**The data**
+ + +

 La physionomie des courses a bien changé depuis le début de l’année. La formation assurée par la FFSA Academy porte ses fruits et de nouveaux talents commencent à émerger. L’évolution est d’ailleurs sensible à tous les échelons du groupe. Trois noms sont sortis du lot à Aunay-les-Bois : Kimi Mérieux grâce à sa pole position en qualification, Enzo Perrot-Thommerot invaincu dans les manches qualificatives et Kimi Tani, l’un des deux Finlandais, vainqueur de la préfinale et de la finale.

+ + +

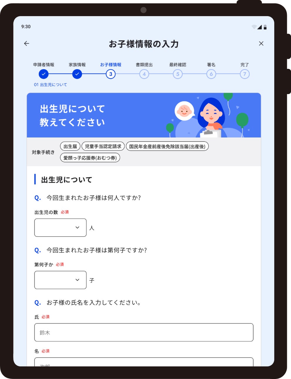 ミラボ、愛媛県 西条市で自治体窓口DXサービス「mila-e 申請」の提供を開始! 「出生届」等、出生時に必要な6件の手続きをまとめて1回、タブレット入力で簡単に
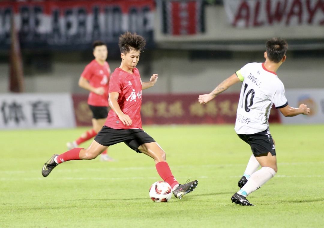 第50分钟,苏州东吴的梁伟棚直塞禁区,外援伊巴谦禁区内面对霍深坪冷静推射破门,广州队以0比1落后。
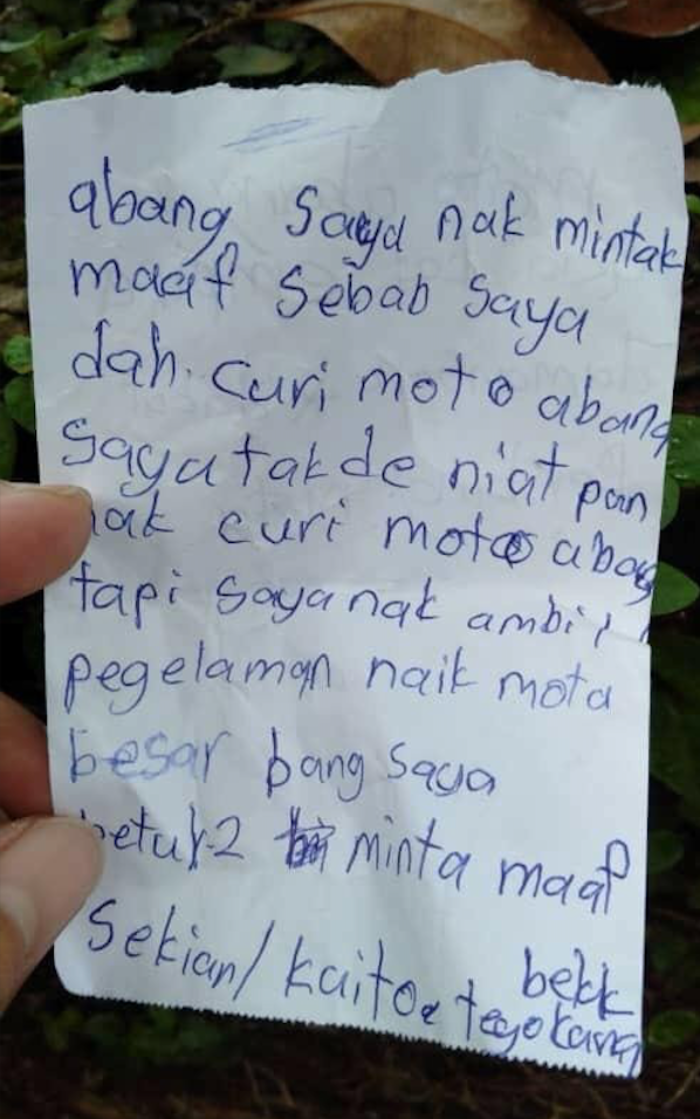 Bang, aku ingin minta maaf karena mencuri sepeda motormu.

+ + +

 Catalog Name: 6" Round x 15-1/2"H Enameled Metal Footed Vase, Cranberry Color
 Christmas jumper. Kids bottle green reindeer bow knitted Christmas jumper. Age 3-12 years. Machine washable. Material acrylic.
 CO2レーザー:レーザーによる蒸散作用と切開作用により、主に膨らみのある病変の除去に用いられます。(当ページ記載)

+ + +

**Work to be completed**
From the line holding "Christmas jumper. Kids" to the line holding "CO2レーザー:レーザーによ", inclusive, restate each line above exactly as written.

**Exercise output**
 Christmas jumper. Kids bottle green reindeer bow knitted Christmas jumper. Age 3-12 years. Machine washable. Material acrylic.
 CO2レーザー:レーザーによる蒸散作用と切開作用により、主に膨らみのある病変の除去に用いられます。(当ページ記載)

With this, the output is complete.